Communist-led lawmakers fail to remove Rada leaders


by Roman Woronowycz
Kyiv Press Bureau

KYIV - An effort to remove the leadership of Ukraine's Parliament sputtered on June 19 when it failed to gain a majority of votes to put the issue on the parliamentary agenda.

After the coordinating council of the Verkhovna Rada agreed to place the issue before the entire body, only 146 lawmakers supported the initiative during the floor vote to remove Verkhovna Rada Chairman Ivan Pliusch, 185 to oust First Vice-Chairman Viktor Medvedchuk and 144 to get rid of Vice-Chairman Stefan Havrysh.

The proposal to do away with the ruling troika came after the Communist faction earlier this year had gathered the signatures of more than 150 national deputies - the minimum required to consider the issue for debate within the assembly.
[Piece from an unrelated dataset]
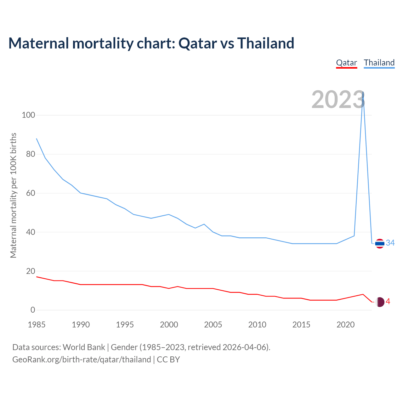 The maternal mortality rate, which is the probability of dying during childbirth or within 42 days of pregnancy termination, is 4 deaths per 100,000 live births in Qatar, compared to 34 deaths in Thailand.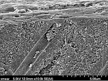 Smear layer refers to a layer of debris on the inorganic surface of substrate which comprises residual inorganic and organic components. This layer is produced whenever the tooth structure undergoes a preparation with a bur.[3]

The initiative came from a petition-gathering effort that began late this past winter at the height of the political crisis that engulfed Kyiv as a result of the tape scandal surrounding the disappearance of the young journalist Heorhii Gongadze. But the main objective of the Communist Party was to remove those parliamentary leaders who last year had successfully ousted the prior chairman, Oleksander Tkachenko, an Agrarian Party member who has since joined the Communist faction.

Mr. Symonenko said that though his faction had decided to delay the initiative while the Gongadze affair raged, it was now well more than a year since the Tkachenko leadership was removed in an illegal "parliamentary putsch" and time for the current Verkhovna Rada leadership to defend its work.

"Let them now account for their work during this time, let them show that this leadership improved the work of the Verkhovna Rada," said Mr. Symonenko.

In February 2000, a majority coalition of centrist and democratic factions forced the removal of the leftist parliamentary leadership that had blocked legislation aimed at economic and democratic reform and replaced it with its own members.

A year later, during February and March of this year, Communists in Parliament began gathering signatures to oust the new leadership. The faction obtained the support of most of the Left Center (Socialist), Batkivschyna and Yabluko factions, as well as some lawmakers from the Ukrainian National Rukh and Progressive Socialist factions, which amounted to 154 names. However, as became obvious later, the support that the Batkivschyna, UNR and Yabluko factions extended to the effort was a result of the political turmoil of "Tapegate."

By the time Mr. Symonenko introduced the measure, the political environment in Kyiv had changed: the Gongadze affair and Tapegate had lost political steam, and the Communists successfully had led the ouster of Prime Minister Viktor Yuschenko, the darling of the right. There was little doubt that the UNR and Yabluko would not continue to support the matter.

Mykhailo Brodsky, leader of the Yabluko Party, said that the Communists had utilized the signatures illegally by presenting them at this late date and that the reason for the party's support for the petition initially was due to the "government crisis" of the time.

Meanwhile, Verkhovna Rada leaders expressed little concern that their posts were in jeopardy. Mr. Medvedchuk said on June 18 that the effort by the Communists was normal political maneuvering in a situation where a political force thought it might be able to grab power.

"This is a fight for authority, and it is an ordinary aspect of the behavior of those political forces that want to change either the entire administration of the Verkhovna Rada or at least replace some of it with their people," said a seemingly untroubled Mr. Medvedchuk, today considered the most powerful person in the Parliament and the prime target of the leftist forces.

National Deputy Oleksander Volkov, another power broker in the legislative body who heads the Democratic Union faction, put the effort by the Communists in more blunt terms, explaining that the political right, in failing to support the initiative, simply used good political reasoning.

"I see this as no more than an attempt to cause controversy on the part of the left. The right had the good sense of mind to see this was not for the good of Ukraine," said Mr. Volkov.